Apa Yang Bisa Dilakukan Para Wakil Afrika di Piala Dunia

Apa Yang Bisa Dilakukan Para Wakil Afrika di Piala Dunia

Apa Yang Bisa Dilakukan Para Wakil Afrika di Piala Dunia

Meskipun Burkina Faso mungkin memiliki sesuatu untuk dikatakan tentang dugaan bahwa pemain mereka tidak memenuhi syarat, sama halnya dengan lima negara yang lolos dari CAF untuk Piala Dunia 2014 Brasil memiliki sebuah kualifikasi untuk musim panas mendatang. Cukup jarang terjadi, terutama dalam kampanye Piala Dunia baru-baru ini, dengan zona ini yang menjadi proses kualifikasi yang sangat panjang dan ditarik keluar lalu dua fase yang menghasilkan lima play-off pertandingan dengan sistem home and away, pada akhirnya wakil dari negara Afrika yang ikut ke Brazil tahun mendatang sudah ketahuan yakni Algeria, Kamerun, Ghana, Pantai Gading dan Nigeria. Mari kita lihat mereka peluangnya satu per satu. Nigeria mungkin adalah negara Afrika yang paling kuat saat ini. Mereka juga mempunyai para pemain mumpuni yang bermain di luar negara mereka.

Mungkin setelah generasi Nwankwo Kanu dan kawan-kawan yang berhasil menjuarai Olimpiade 1996 dan pada akhirnya harus berakhir dengan kekecawaan di Piala Dunia 1998 mungkin sekarang saatnya bagi Nigeria untuk berbicara di Piala Dunia. Lalu ada Algeria yang merupakan negara Afrika paling utara. Algeria dan Burkina Faso memiliki kekuatan yang setara sebenarnya. Tapi nampaknya pengalaman lebih berbicara, Burkina Faso yang dibilang gagal mewarisi permainan terbaik mereka sejak menjadi tuan rumah Piala Afrika pada tahun 2000 harus terhenti oleh Algeria yang Piala Dunia lalu juga masuk.

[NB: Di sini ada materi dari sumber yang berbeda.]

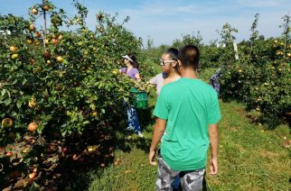 Apple pickers take advantage of last weekend before school begins in Maryland, USA

Peluang mereka di Piala Dunia tahun depan nampaknya juga tidak akan berubah banyak. Algeria diprediksikan hanya menjadi penggembira di fase grup. Lalu berikutnya ada Kamerun yang mencapai Piala Dunia mereka untuk yang ketujuh kalinya.

Mereka juga diharapkan berbicara pada Piala Dunia tahun depan karena materi mereka cukup mumpuni seperti Samuel Eto’o lalu ada pemain Barcelona Alexandre Song dan yang lainnya. Mereka dituntut untuk melaju lebih jauh daripada sekadar fase grup seperti di Afrika Selatan pada Piala Dunia empat tahun lalu. Bahkan mereka pada saat itu harus kalah dari Jepang. Tim selanjutnya adalah Ghana. Pada Piala Dunia 2010 di Afrika Selatan mereka hampir saja mencetak sejarah untuk tim dari Afrika, andai kata mereka tidak gagal di perempat final atas ulah kontroversial dari Luis Suarez. Maka, tahun depan Ghana bisa diharapkan mencetak sejarah. Tim terakhir adalah Pantai Gading. Pantai Gading bisa dibilang juga menjadi salah satu tim yang kompetitif untuk Piala Dunia. Tentu saja ujung tombak mereka masih berharap banyak dengan Drogba. Pada Piala Dunia sebelum-sebelumnya mereka harus sial karena berada satu grup dengan raksasa-raksasa sepak bola macam Belanda, Argentina, Portugal dan Brazil, maka kali ini disebut-sebut Pantai Gading akan memenuhi takdir potensi mereka.